ティム・クックCEOはこの状況について非常に心配だとしている。彼は、現在のアメリカのテック企業の男女従業員比率のバランスが深刻なほど崩壊しているとしていて、このままの状態が続けば、アメリカが世界中のテック市場でのリーダー的な地位を失うのではないかと危惧している。

 

クックCEOのロジック:女性のSTEM分野への進出が少ない、それがアメリカの競争力に影響する

ティム・クックCEOのロジックは非常に簡単だ。「女性達も(男性達と)同様に労働力を組成する重要な一部です。もしもっと多くの女性がSTEM(科学・技術・工学・数学)分野に入ってこなければ、このような男女比率のバランスの悪さがアメリカのテック産業のイノベーションに影響するでしょう。そしてアメリカが世界でリーダー的な地位を失うのも、火を見るよりも明らかな事実です。」

 

Appleは積極的に女性従業員の採用を進めているが、32%でまだ不十分

Appleが公表したデータに依れば、Appleの従業員のうち、女性は32%を占め、また新入社員のうち37%が女性だったという。ただし、技術に関する職位については、やはり女性従業員はたった23%しかいないのが現状で、Apple社自身も昨年、ようやく自らも男女の給与の平等を実現したと発表したばかりだ。しかしアメリカ全体を見てみると、工業のエンジニアの女性はたった17.1%しかいないのが現状だ。

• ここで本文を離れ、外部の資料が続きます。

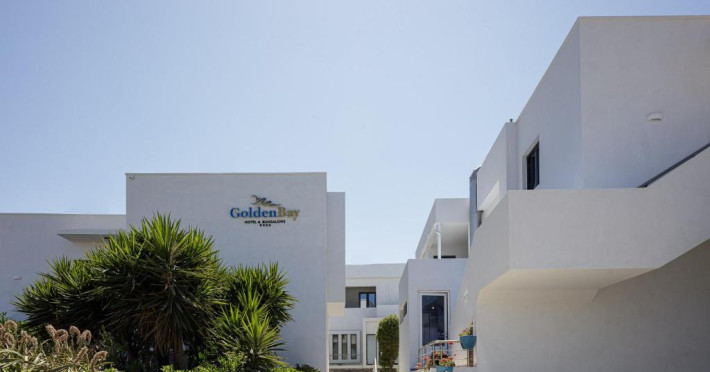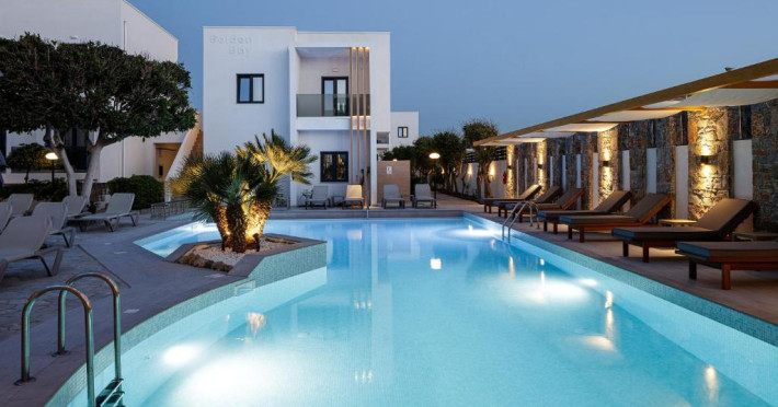 Golden Bay Hotel & Bungalows este o proprietate de 4 stele situată în Gournes (Creta-Heraklion) care oferă camere cu vedere la mare, un restaurant, o piscină în aer liber și o terasă cu șezlonguri și umbrele de soare. Proprietatea are servicii de recepție cu program non - stop și închirieri auto. Se oferă acces gratuit la internet Wi-fi în spațiile publice. Parcarea este disponibilă la proprietate gratuit.

クックCEOは演説の中で、「ある人が強烈に多様性は重要ではないと説いたとすれば、私たちは彼らにもっと別の意見があることを聞かせて、彼らが間違っていたのではないかと思わせたいです。私は多様性が非常に重要だということをずっと唱えてきました、彼らがどう私たちを見ようとね」。

クックCEOは更に、多様性の向上はアメリカのGDP(GNP)や製品の品質にも役に立つと考えているが、このような考え方で現状を変えるのはやはり並大抵のことではない。

 

まだまだ道のりは険しい

近年来、Appleは従業員の多様化に全力を注いできた。その成果は、やはりApple製品のイノベーションや売上などの目に見える形で成功したか失敗したかが見えないといけない。ただAppleを取り巻くマクロの環境、シリコンバレーだけではなく世界のテック企業に変化をもたらすには、クックCEOは更に多くの仕事をしなければならないだろう。

 

画蛇添足 One more thing…

ティム・クックCEO自身がゲイであることを自らカミングアウトしたように、彼は自らが多様化の旗振りの旗手となってAppleを引っ張っている。しかしテック企業のイノベーションは果たして多様化によってもたらされるのだろうか。。過去を振り返ってみても、テック業界で神のように崇められているのはやはり男性が圧倒的に多い。Appleのスティーブ・ジョブズやスティーブ・ウォズニアック、マイクロソフトのビル・ゲイツ、グーグルのラリー・ペイジやセルゲイ・ブリン、フェイスブックのマーク・ザッカーバーグ、テスラのイーロン・マスクなども全員男性だ。日本でもソフトバンクの孫正義もやはり男性だ。もちろん女性も活躍しているのだが、表に出てくるのは男性ばかりということで、やはりマクロの環境を変えていくのは難しいのかもしれない。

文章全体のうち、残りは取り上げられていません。